| Exercise details |
Reproduce the material below only from the line with "GL-58438W  Stolní svítidlo, kov" to the line with "Оригинальная сумка-рюкзак через", both included, keeping each line exact and dropping the pictures.
-- Materials provided follows --
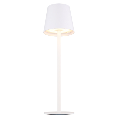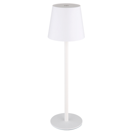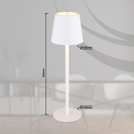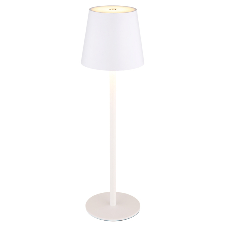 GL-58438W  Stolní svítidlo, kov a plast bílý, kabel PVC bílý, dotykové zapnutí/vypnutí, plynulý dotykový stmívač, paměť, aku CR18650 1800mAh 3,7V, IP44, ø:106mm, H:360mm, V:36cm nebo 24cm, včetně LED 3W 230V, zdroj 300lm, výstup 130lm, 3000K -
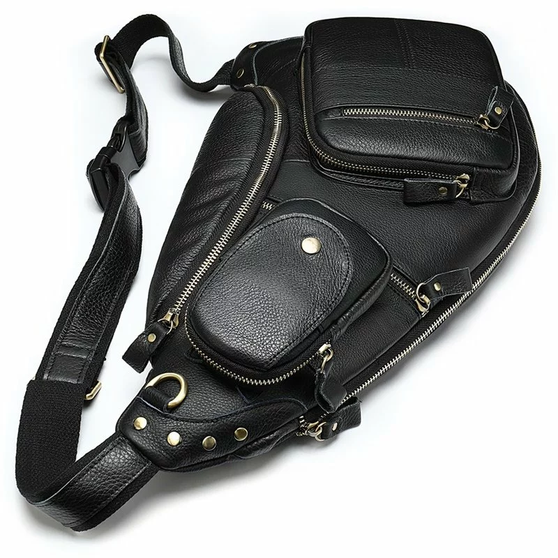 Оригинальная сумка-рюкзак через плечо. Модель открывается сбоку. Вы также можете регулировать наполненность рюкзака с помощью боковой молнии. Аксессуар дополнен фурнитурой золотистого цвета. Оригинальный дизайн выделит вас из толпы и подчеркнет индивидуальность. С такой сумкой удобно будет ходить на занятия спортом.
-- Materials provided concluded --
-- Materials provided follows --
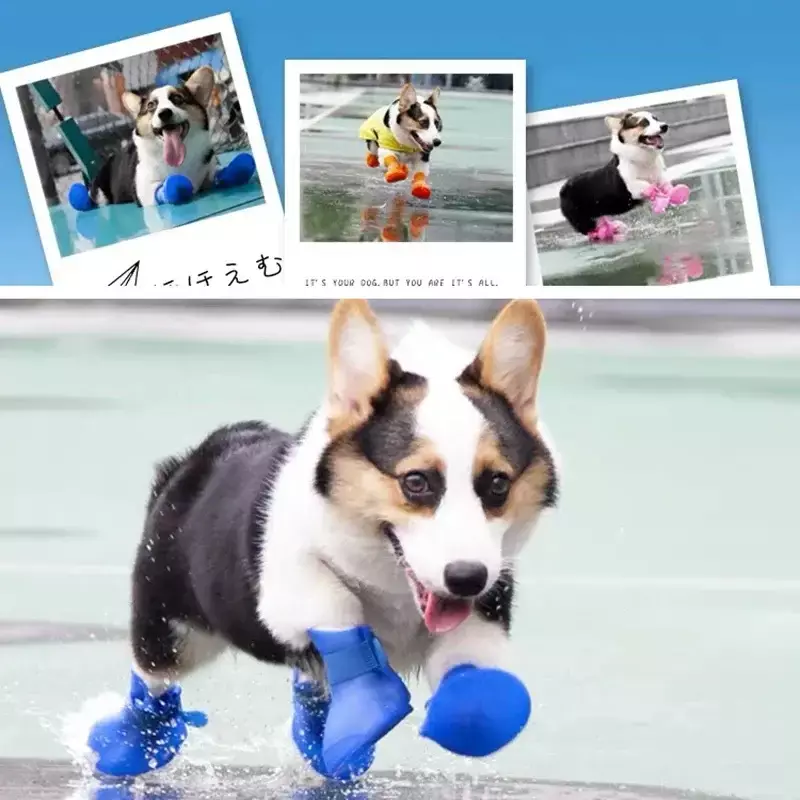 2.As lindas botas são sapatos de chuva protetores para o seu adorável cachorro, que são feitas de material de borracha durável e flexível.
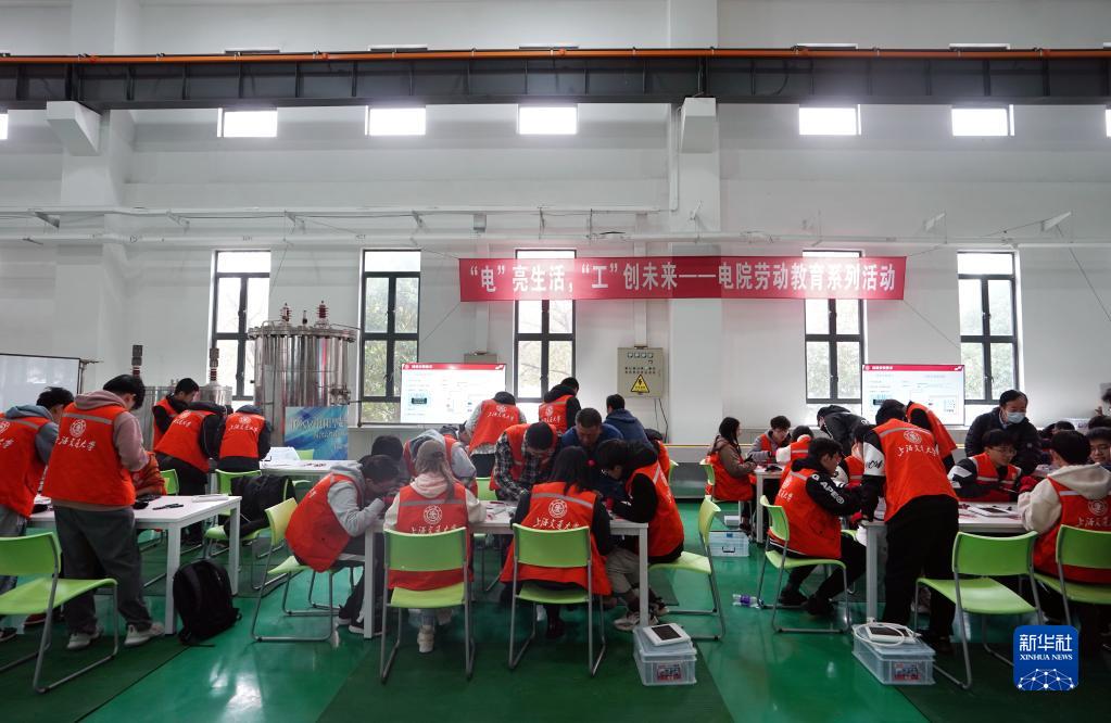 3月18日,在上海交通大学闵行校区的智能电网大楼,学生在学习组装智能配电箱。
-- Materials provided concluded --
| Written solution |
 GL-58438W  Stolní svítidlo, kov a plast bílý, kabel PVC bílý, dotykové zapnutí/vypnutí, plynulý dotykový stmívač, paměť, aku CR18650 1800mAh 3,7V, IP44, ø:106mm, H:360mm, V:36cm nebo 24cm, včetně LED 3W 230V, zdroj 300lm, výstup 130lm, 3000K -
 Оригинальная сумка-рюкзак через плечо. Модель открывается сбоку. Вы также можете регулировать наполненность рюкзака с помощью боковой молнии. Аксессуар дополнен фурнитурой золотистого цвета. Оригинальный дизайн выделит вас из толпы и подчеркнет индивидуальность. С такой сумкой удобно будет ходить на занятия спортом.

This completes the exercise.